I cyber criminali rubano i dati dei giocatori

I ricercatori di G Data, famosa azienda specializzata nelle soluzioni informatiche relative alla sicurezza dei sistemi, hanno condotto una ricerca che è durata due mesi inerente alla commercializzazione illegale di account di gioco.

La ricerca condotta su molti forum illegali ha permesso di evidenziare che gli account di World of Warcraft o Steam, sono tra i più venduti e a cifre di 50 euro.

In questi forum, vengono messi in vendita i dati rubati ai giocatori, si possono trovare i dati di accesso per quasi tutti i più popolari giochi online al prezzo di pochi euro, anche se quest'ultimo varia a causa del rapporto fra domanda e offerta, ma anche dalla qualità dell’account o da eventuali sconti sulle quantità e dall’abilità di negoziazione tra le parti.


I criminali traggono la maggior parte dei loro profitti dagli account di Steam che contengono una gran mole di dati di accesso per giochi differenti”, ha dichiarato Ralf Benzmüller, esperto di sicurezza di G Data. “Il furto dei dati viene attuato utilizzando speciale malware senza che le ignare vittime possano accorgersene.
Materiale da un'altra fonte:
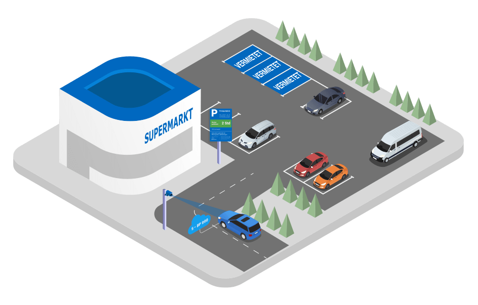 Signs inform customers of the rules. Unobtrusively installed cameras automatically recognise the number plates and record the parking time.
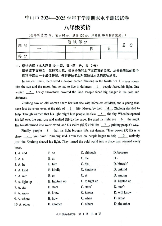 2024-2025学年广东中山八年级下册英语期末真题(图片版)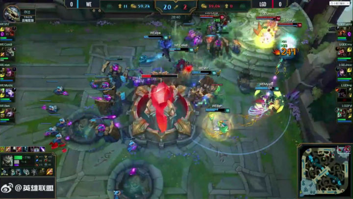 之后小虎和letme让你知道什么叫头铁,一二三四有了脾气,二二三四再来一次。依然是下路高地塔,依然是对957动刀,但这一次不同的是两个人还没等上高地,兮夜就第一时间赶到,精准的三个链子配合腿哥再次双杀对方中上铁头娃。 这一次WE不光拿下了大龙,甚至直接拿掉远古巨龙,经济反超两千。此时四保一体系彻底成型,前期没有作为的大嘴直接三件套加复活甲,成为了后期最大的BOSS。。。 虽然RNG在下路利用WE的失误和同一样输出爆炸的轮子妈来了一次一万伤害的ADC终极团战,但也是杯水车薪,从第二条大龙开始,这局比赛就RNG在团战上已经没有了和WE对拼的机会。

Una volta che il malware viene introdotto nel Pc degli utenti, tutti i dati inseriti vengono loggati e automaticamente inoltrati ai criminali. Sfortunatamente molti giocatori non si preoccupano di utilizzare soluzioni antivirus performanti per non inficiare le performance del Pc e questo li rende facili prede dei cyber criminali.”
Gli esperti di G Data Security Labs hanno poi analizzato quasi tutti I giochi online. Dopo World of Warcraft e Steam questi sono i dieci giochi più appetibili per i criminali online:

• Call of Duty
• Counter-Strike: Source
• Day of Defeat
• Eve Online
• Half-Life
• Opposing Force
• Left 4 Dead
• Team Fortress
• Unreal Tournament 3
• Warhammer 40,000 Dawn Of War II

Secondo l’ultimo report di BitKon, nella sola Germania ci sono ben 10 milioni di videogiocatori ed i numeri sono in costante crescita. Purtroppo non è solo l’industria del videogioco che sta beneficiando di questo trend positivo. I criminali online, infatti, da tempo si stanno concentrando su questa community. In occasione della Gamescon di Colonia G Data ha analizzato una serie di forum illegali che si occupano del fenomeno del gaming online scoprendo che gli account di World of Warcraft o Steam, venduti anche a 50 euro, rappresentano dei veri e propri best seller.

G Data consiglia ai ai giocatori di utilizzare l'antivirus e un firewall performante.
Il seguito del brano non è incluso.